§ **WHAT TO DO**
Give the listing again word for word, excluding the pictures it contains.

§ **INFORMATION SUPPLIED**
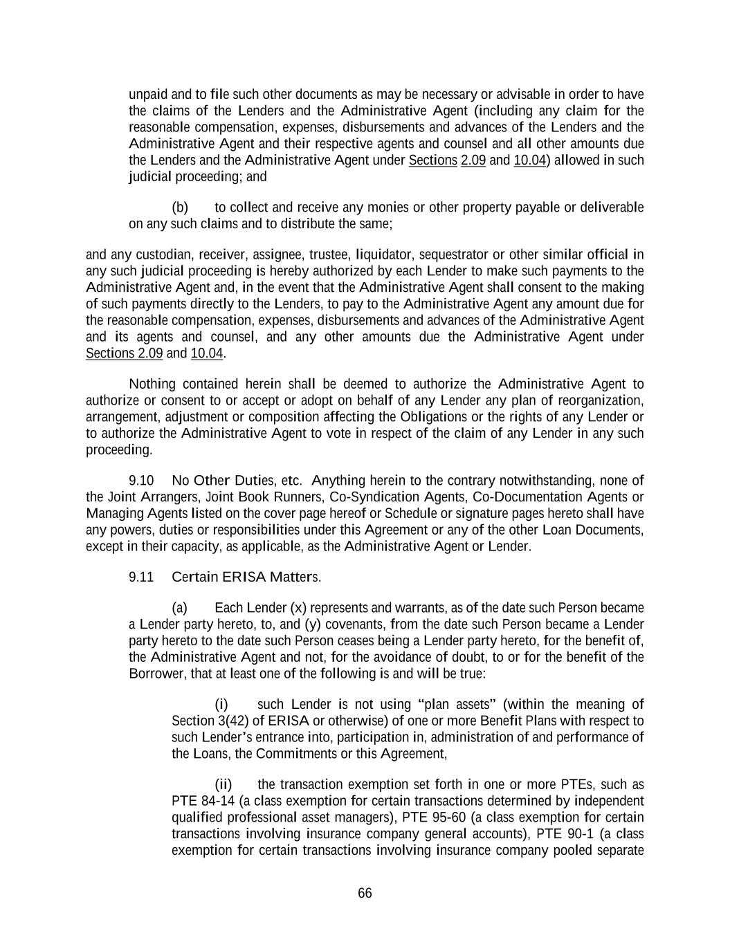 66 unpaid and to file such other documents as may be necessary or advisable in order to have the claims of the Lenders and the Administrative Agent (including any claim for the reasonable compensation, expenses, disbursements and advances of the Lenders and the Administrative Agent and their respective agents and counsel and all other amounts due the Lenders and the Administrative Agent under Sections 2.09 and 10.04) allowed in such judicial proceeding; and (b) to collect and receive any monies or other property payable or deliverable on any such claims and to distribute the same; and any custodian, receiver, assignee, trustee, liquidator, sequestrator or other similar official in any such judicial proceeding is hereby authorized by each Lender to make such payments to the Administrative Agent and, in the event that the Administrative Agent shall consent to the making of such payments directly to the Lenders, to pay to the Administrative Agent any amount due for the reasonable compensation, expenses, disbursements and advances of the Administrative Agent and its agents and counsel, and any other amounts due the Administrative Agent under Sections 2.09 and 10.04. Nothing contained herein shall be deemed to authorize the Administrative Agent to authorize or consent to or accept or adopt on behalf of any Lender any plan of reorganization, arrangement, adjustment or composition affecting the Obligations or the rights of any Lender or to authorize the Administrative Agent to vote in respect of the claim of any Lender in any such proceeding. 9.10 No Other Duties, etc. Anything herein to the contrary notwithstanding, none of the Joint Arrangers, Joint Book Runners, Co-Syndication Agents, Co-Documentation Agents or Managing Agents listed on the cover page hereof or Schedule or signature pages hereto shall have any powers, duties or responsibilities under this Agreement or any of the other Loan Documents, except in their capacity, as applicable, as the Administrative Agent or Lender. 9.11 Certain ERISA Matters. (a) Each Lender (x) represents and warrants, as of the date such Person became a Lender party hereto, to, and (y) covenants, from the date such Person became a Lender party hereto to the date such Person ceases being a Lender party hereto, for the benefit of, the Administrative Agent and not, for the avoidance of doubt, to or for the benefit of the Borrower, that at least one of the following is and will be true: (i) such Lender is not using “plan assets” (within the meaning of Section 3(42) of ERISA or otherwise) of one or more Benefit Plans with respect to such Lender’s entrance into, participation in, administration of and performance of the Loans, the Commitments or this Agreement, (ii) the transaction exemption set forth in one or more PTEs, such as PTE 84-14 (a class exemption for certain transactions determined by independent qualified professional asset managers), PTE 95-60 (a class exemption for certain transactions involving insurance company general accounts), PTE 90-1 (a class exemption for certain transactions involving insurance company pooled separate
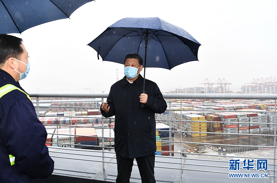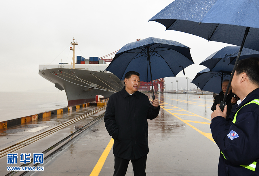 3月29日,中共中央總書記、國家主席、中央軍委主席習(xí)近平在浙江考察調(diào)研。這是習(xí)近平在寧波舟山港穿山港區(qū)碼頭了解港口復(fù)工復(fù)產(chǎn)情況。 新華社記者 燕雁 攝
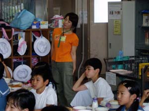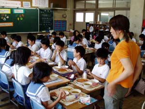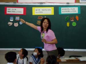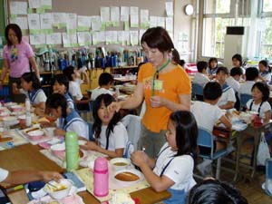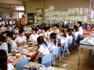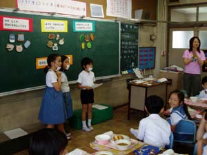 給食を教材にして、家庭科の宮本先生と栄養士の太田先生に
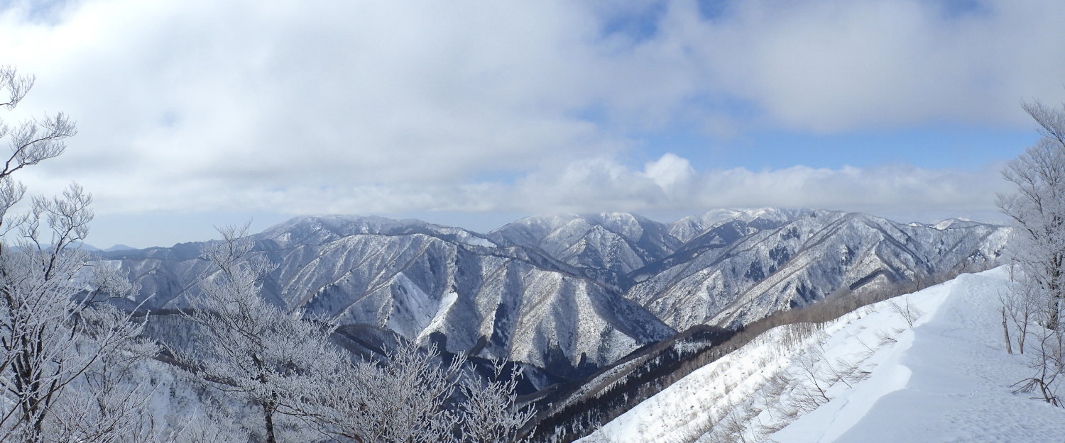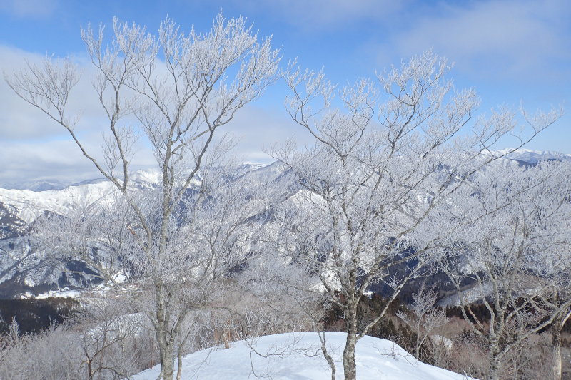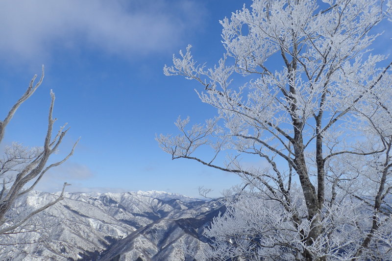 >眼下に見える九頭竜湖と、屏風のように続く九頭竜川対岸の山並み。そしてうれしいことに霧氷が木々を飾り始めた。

§ **SOLUTION FOR THIS PROBLEM**
 66 unpaid and to file such other documents as may be necessary or advisable in order to have the claims of the Lenders and the Administrative Agent (including any claim for the reasonable compensation, expenses, disbursements and advances of the Lenders and the Administrative Agent and their respective agents and counsel and all other amounts due the Lenders and the Administrative Agent under Sections 2.09 and 10.04) allowed in such judicial proceeding; and (b) to collect and receive any monies or other property payable or deliverable on any such claims and to distribute the same; and any custodian, receiver, assignee, trustee, liquidator, sequestrator or other similar official in any such judicial proceeding is hereby authorized by each Lender to make such payments to the Administrative Agent and, in the event that the Administrative Agent shall consent to the making of such payments directly to the Lenders, to pay to the Administrative Agent any amount due for the reasonable compensation, expenses, disbursements and advances of the Administrative Agent and its agents and counsel, and any other amounts due the Administrative Agent under Sections 2.09 and 10.04. Nothing contained herein shall be deemed to authorize the Administrative Agent to authorize or consent to or accept or adopt on behalf of any Lender any plan of reorganization, arrangement, adjustment or composition affecting the Obligations or the rights of any Lender or to authorize the Administrative Agent to vote in respect of the claim of any Lender in any such proceeding. 9.10 No Other Duties, etc. Anything herein to the contrary notwithstanding, none of the Joint Arrangers, Joint Book Runners, Co-Syndication Agents, Co-Documentation Agents or Managing Agents listed on the cover page hereof or Schedule or signature pages hereto shall have any powers, duties or responsibilities under this Agreement or any of the other Loan Documents, except in their capacity, as applicable, as the Administrative Agent or Lender. 9.11 Certain ERISA Matters. (a) Each Lender (x) represents and warrants, as of the date such Person became a Lender party hereto, to, and (y) covenants, from the date such Person became a Lender party hereto to the date such Person ceases being a Lender party hereto, for the benefit of, the Administrative Agent and not, for the avoidance of doubt, to or for the benefit of the Borrower, that at least one of the following is and will be true: (i) such Lender is not using “plan assets” (within the meaning of Section 3(42) of ERISA or otherwise) of one or more Benefit Plans with respect to such Lender’s entrance into, participation in, administration of and performance of the Loans, the Commitments or this Agreement, (ii) the transaction exemption set forth in one or more PTEs, such as PTE 84-14 (a class exemption for certain transactions determined by independent qualified professional asset managers), PTE 95-60 (a class exemption for certain transactions involving insurance company general accounts), PTE 90-1 (a class exemption for certain transactions involving insurance company pooled separate
 3月29日,中共中央總書記、國家主席、中央軍委主席習(xí)近平在浙江考察調(diào)研。這是習(xí)近平在寧波舟山港穿山港區(qū)碼頭了解港口復(fù)工復(fù)產(chǎn)情況。 新華社記者 燕雁 攝
 給食を教材にして、家庭科の宮本先生と栄養士の太田先生に
 >眼下に見える九頭竜湖と、屏風のように続く九頭竜川対岸の山並み。そしてうれしいことに霧氷が木々を飾り始めた。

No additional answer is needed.